> Information shown
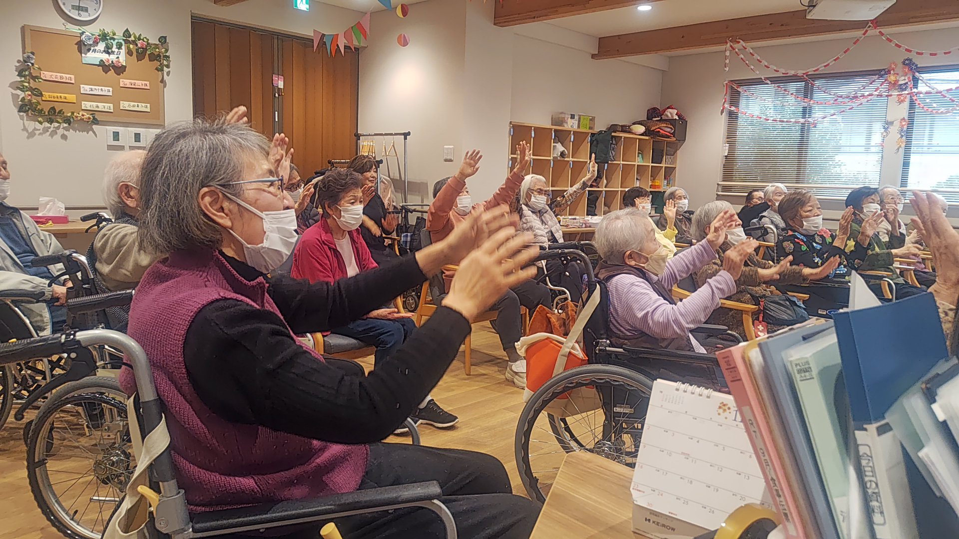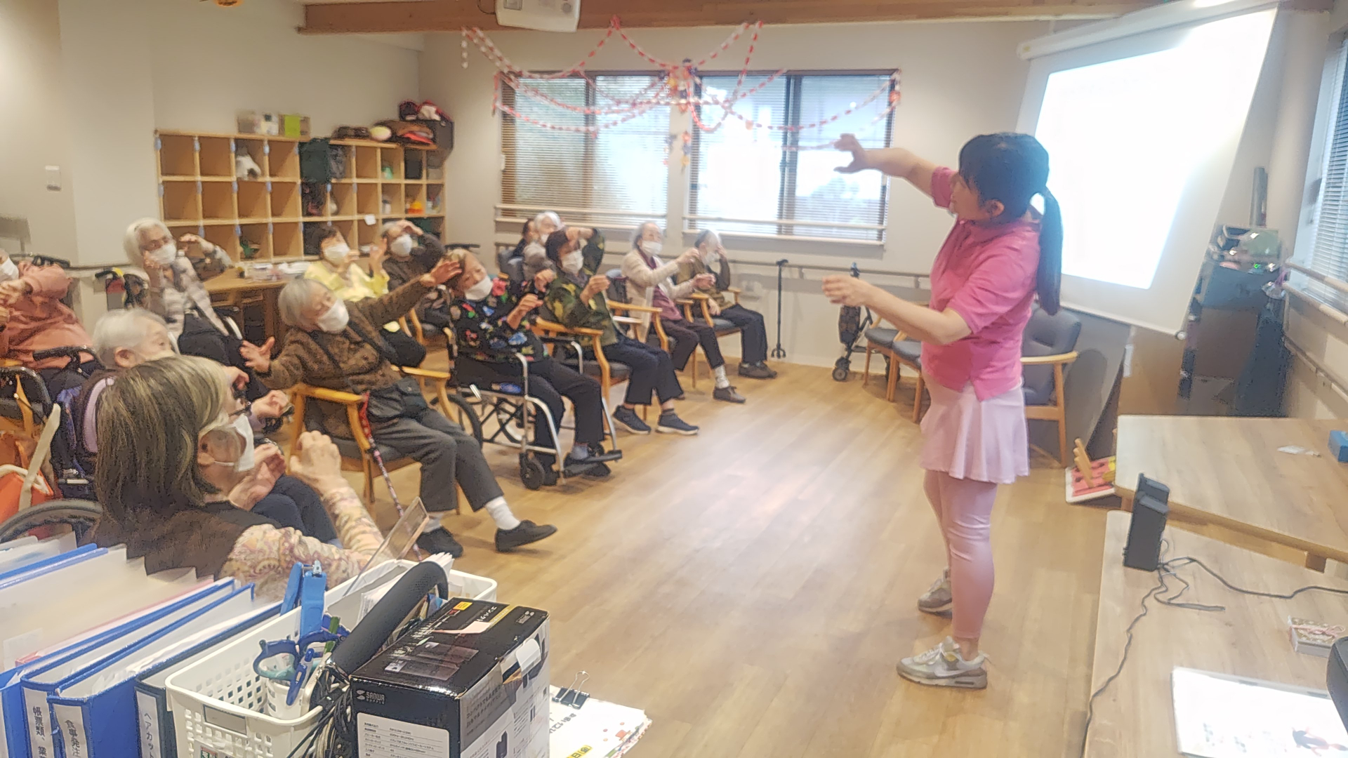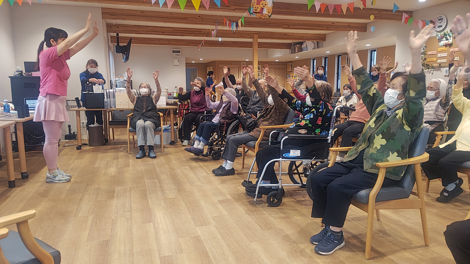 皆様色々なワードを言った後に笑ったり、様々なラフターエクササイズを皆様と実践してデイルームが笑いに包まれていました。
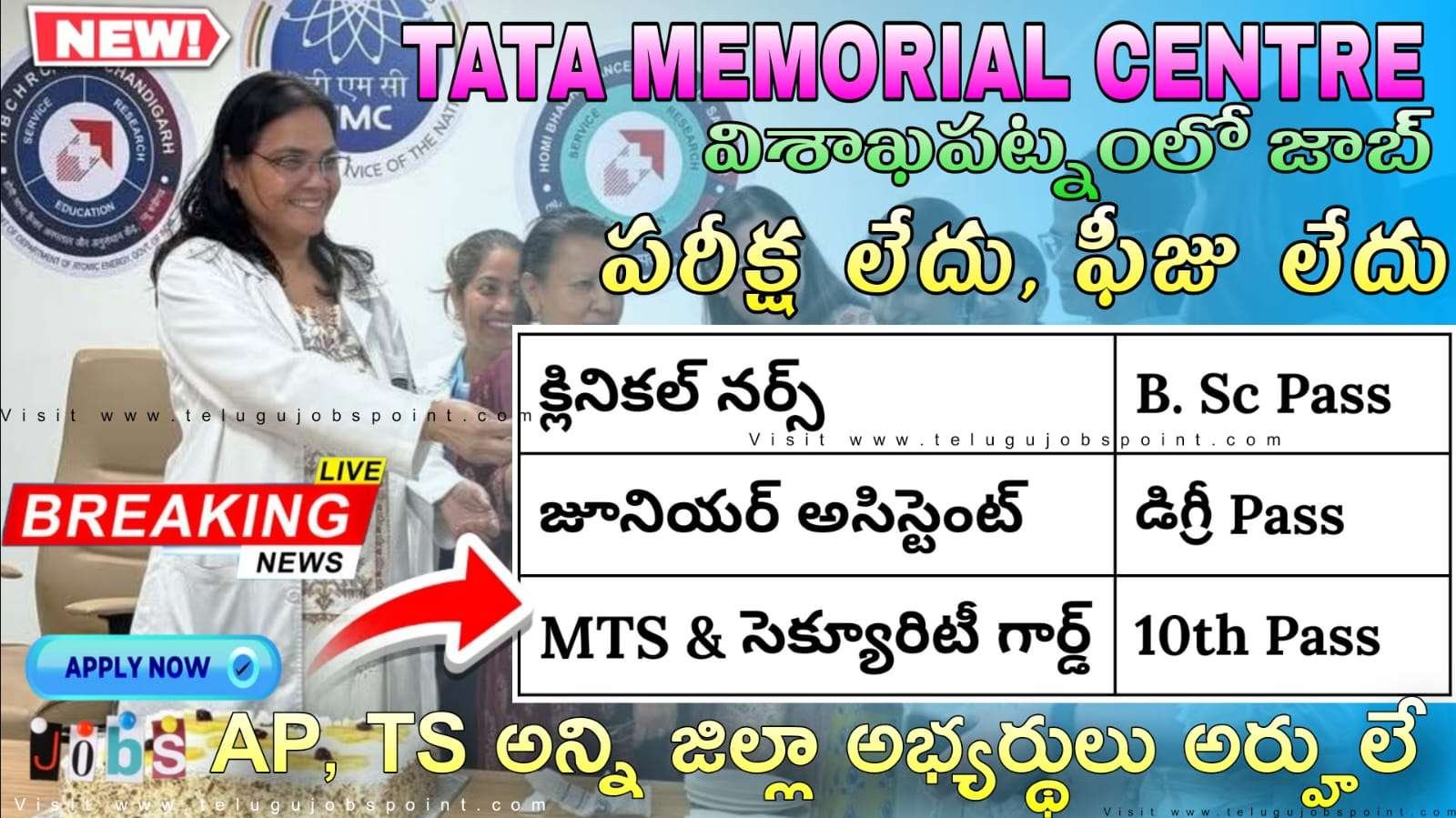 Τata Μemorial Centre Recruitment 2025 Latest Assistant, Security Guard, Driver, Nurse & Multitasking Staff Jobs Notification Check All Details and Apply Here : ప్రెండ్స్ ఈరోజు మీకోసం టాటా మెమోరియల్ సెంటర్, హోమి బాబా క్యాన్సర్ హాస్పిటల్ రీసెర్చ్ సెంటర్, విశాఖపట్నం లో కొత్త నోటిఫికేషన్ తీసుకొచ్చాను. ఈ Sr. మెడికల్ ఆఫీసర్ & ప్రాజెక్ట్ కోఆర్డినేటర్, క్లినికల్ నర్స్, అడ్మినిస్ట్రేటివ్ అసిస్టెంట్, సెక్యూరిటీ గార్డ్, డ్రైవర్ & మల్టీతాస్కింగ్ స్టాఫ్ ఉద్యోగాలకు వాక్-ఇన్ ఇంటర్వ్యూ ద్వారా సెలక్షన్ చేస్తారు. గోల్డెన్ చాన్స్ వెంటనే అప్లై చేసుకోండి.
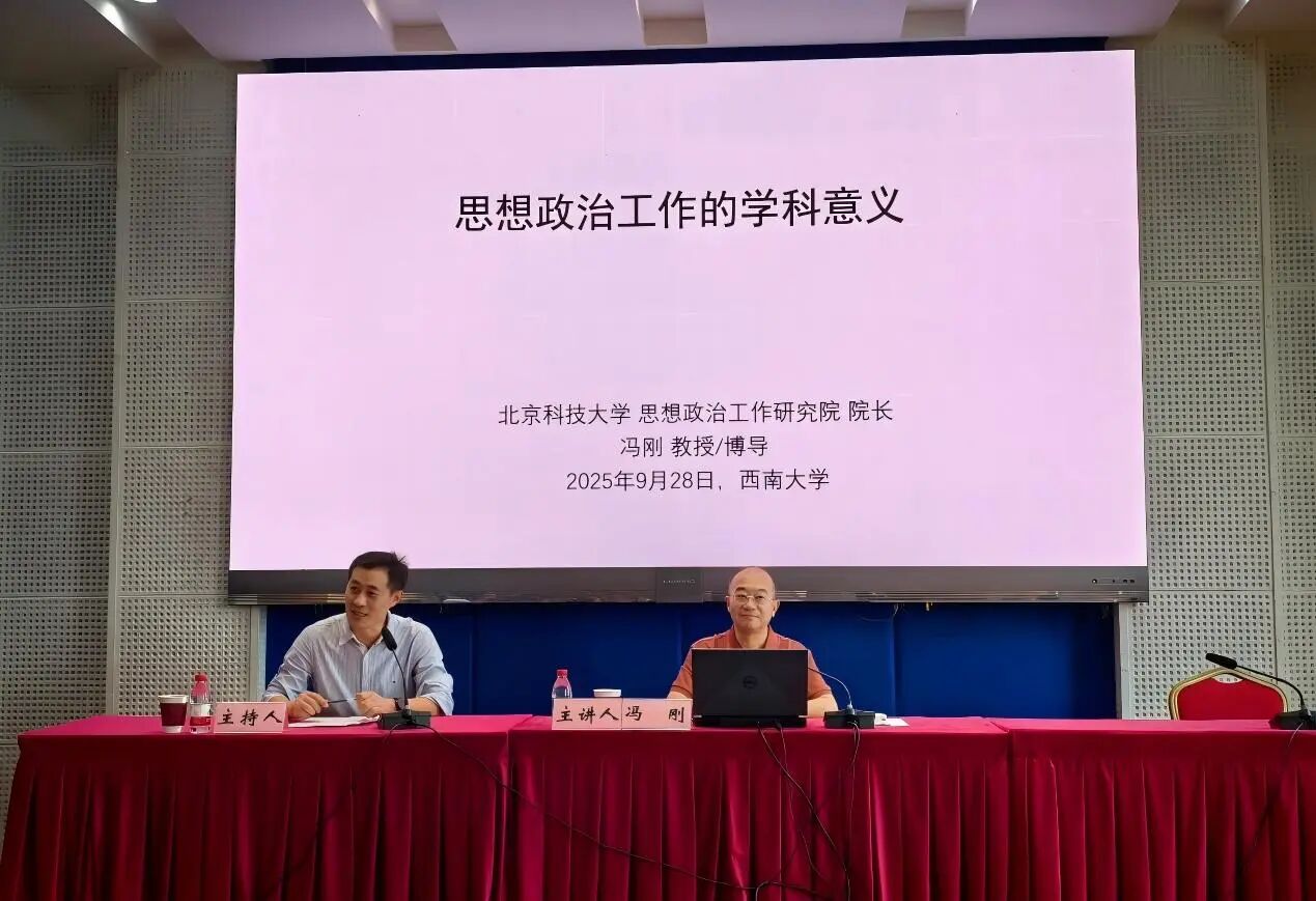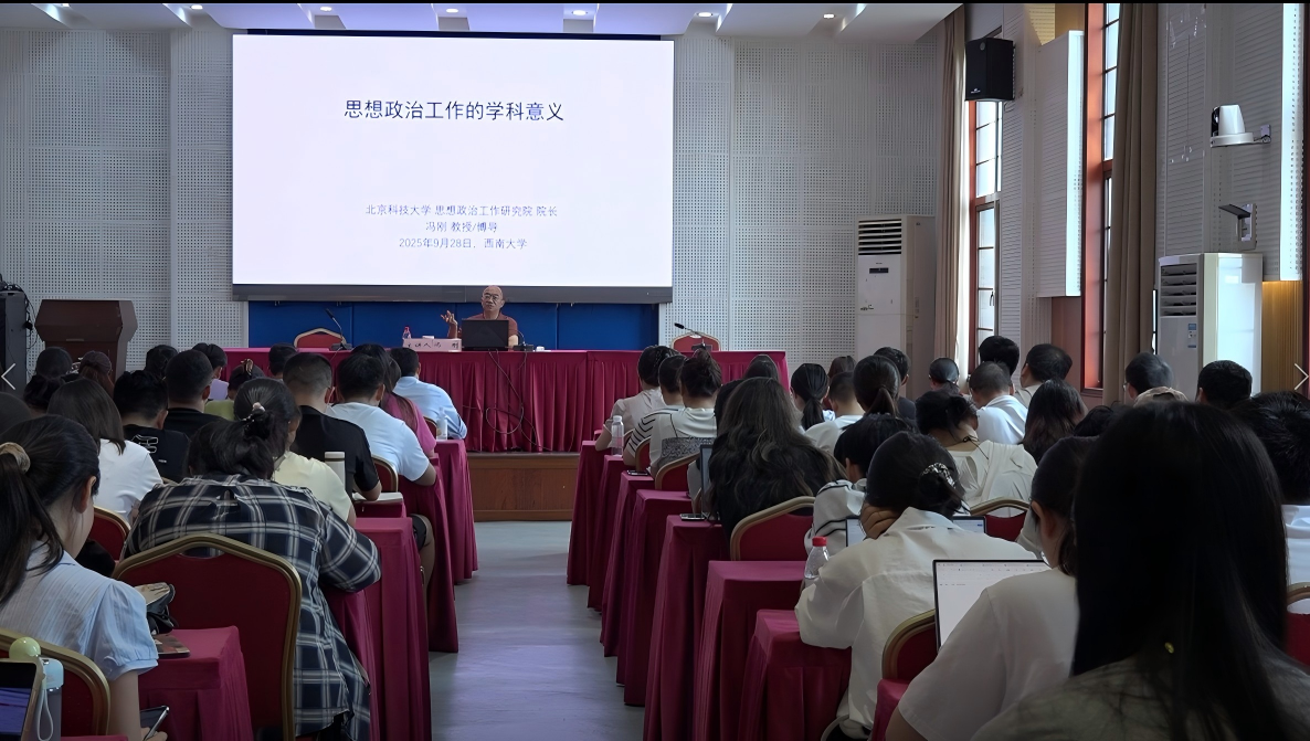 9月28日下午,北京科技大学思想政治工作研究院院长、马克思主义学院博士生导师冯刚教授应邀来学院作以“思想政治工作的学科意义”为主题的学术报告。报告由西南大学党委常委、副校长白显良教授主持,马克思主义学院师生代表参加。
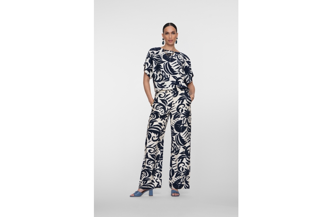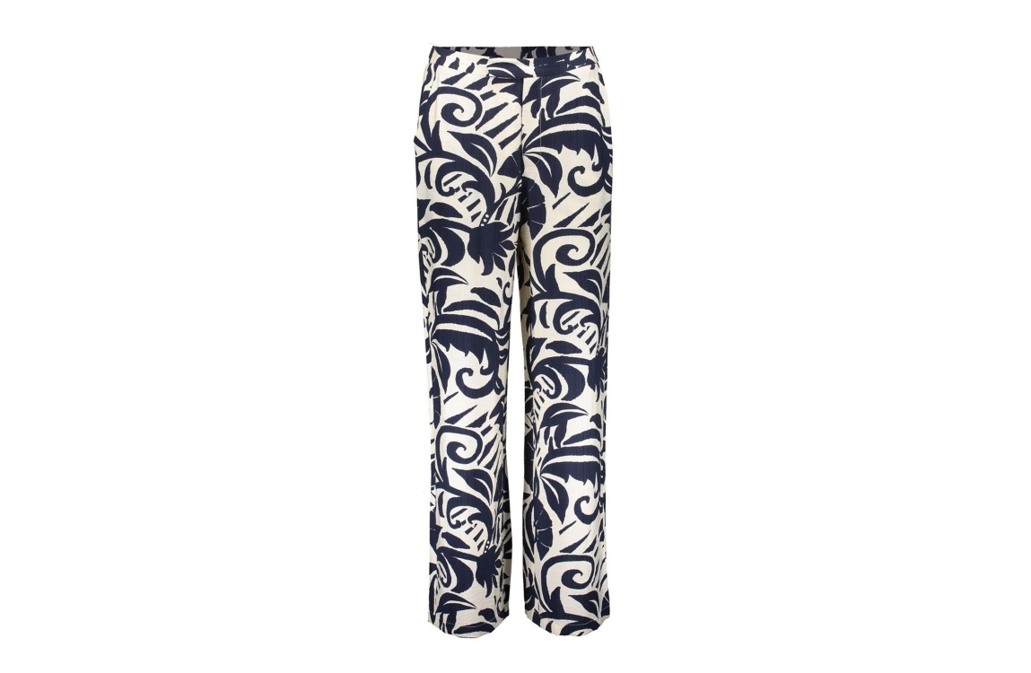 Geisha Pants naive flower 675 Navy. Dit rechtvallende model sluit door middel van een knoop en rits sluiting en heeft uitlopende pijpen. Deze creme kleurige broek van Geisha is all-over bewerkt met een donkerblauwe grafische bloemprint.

> Task brief
The listing above is to be set down word for word, without its images.

> Reply
 皆様色々なワードを言った後に笑ったり、様々なラフターエクササイズを皆様と実践してデイルームが笑いに包まれていました。
 Τata Μemorial Centre Recruitment 2025 Latest Assistant, Security Guard, Driver, Nurse & Multitasking Staff Jobs Notification Check All Details and Apply Here : ప్రెండ్స్ ఈరోజు మీకోసం టాటా మెమోరియల్ సెంటర్, హోమి బాబా క్యాన్సర్ హాస్పిటల్ రీసెర్చ్ సెంటర్, విశాఖపట్నం లో కొత్త నోటిఫికేషన్ తీసుకొచ్చాను. ఈ Sr. మెడికల్ ఆఫీసర్ & ప్రాజెక్ట్ కోఆర్డినేటర్, క్లినికల్ నర్స్, అడ్మినిస్ట్రేటివ్ అసిస్టెంట్, సెక్యూరిటీ గార్డ్, డ్రైవర్ & మల్టీతాస్కింగ్ స్టాఫ్ ఉద్యోగాలకు వాక్-ఇన్ ఇంటర్వ్యూ ద్వారా సెలక్షన్ చేస్తారు. గోల్డెన్ చాన్స్ వెంటనే అప్లై చేసుకోండి.
 9月28日下午,北京科技大学思想政治工作研究院院长、马克思主义学院博士生导师冯刚教授应邀来学院作以“思想政治工作的学科意义”为主题的学术报告。报告由西南大学党委常委、副校长白显良教授主持,马克思主义学院师生代表参加。
 Geisha Pants naive flower 675 Navy. Dit rechtvallende model sluit door middel van een knoop en rits sluiting en heeft uitlopende pijpen. Deze creme kleurige broek van Geisha is all-over bewerkt met een donkerblauwe grafische bloemprint.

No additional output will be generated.